DISCUSSION STARTER 5: How do you perceive people whose beliefs, attitudes, and values appear to differ from yours? What challenges do you face in trying to empathize with such people? How might you communicate with them in a nonjudgmental and respectful fashion?

  1. Judith Martin, Thomas Nakayama, Lisa Flores: The opposite of world-mindedness is ethnocentrism, when people believe that (a) their system of attitudes, beliefs, rules, norms and customs is better than that of other cultures; (b) their culture is central to the civilization; (c) their form of communication is competent, while other people’s is not.

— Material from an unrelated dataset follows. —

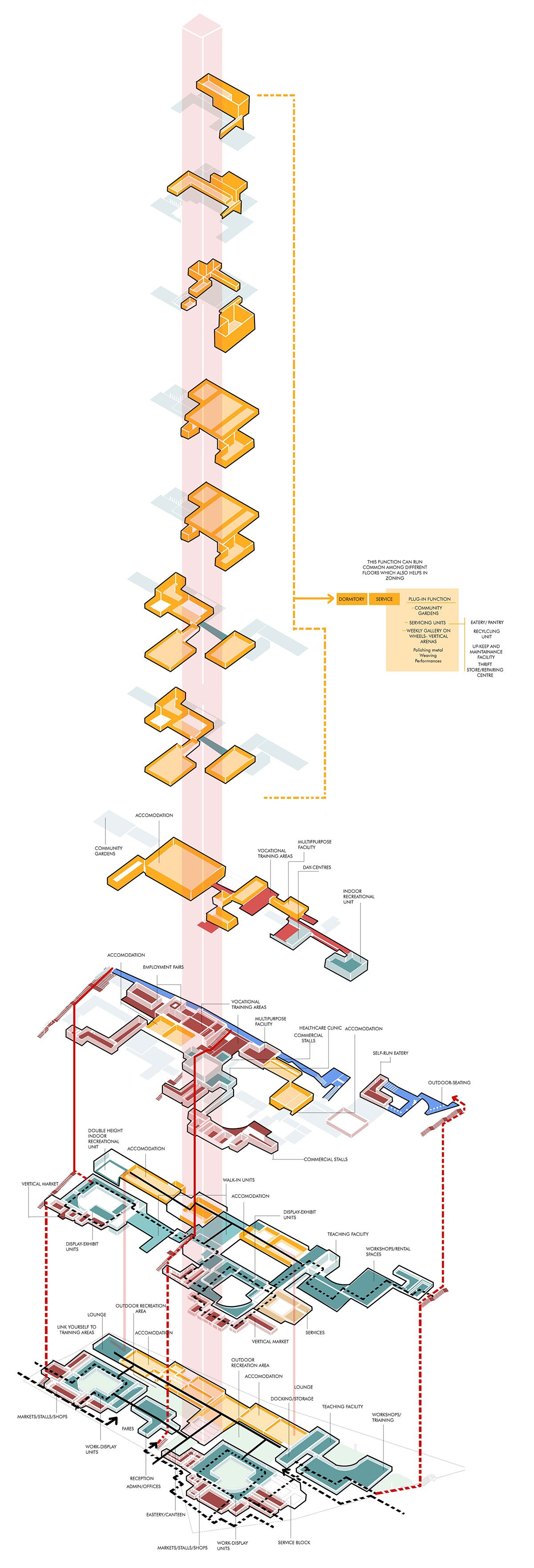 Conclusion: The project challenges stereotypical notions about the hybridity and duality of shelters and explores an architectural solution that proposes a housing programme that integrates the social and commercial infrastructures of the city.

  2. To overcome ethnocentrism, develop attributional complexity, the ability to: (a) view your interlocutors’ behavior from different angles; (b) analyze all forces influencing the person’s behavior; (c) check your perception for attributional errors; (d) consider all positions; (e) consider motivations underlying communication and relationship choices; (f) examine decision-making patterns in other cultures; and (g) ask other people for explanations.

  3. DIE Model (Michael’s Sound Bite 8-2): when you encounter something you believe is very strange: (a) Describe it in neutral terms; (b) Interpret it in several ways, (c) Evaluate it as suitable to you in several contexts.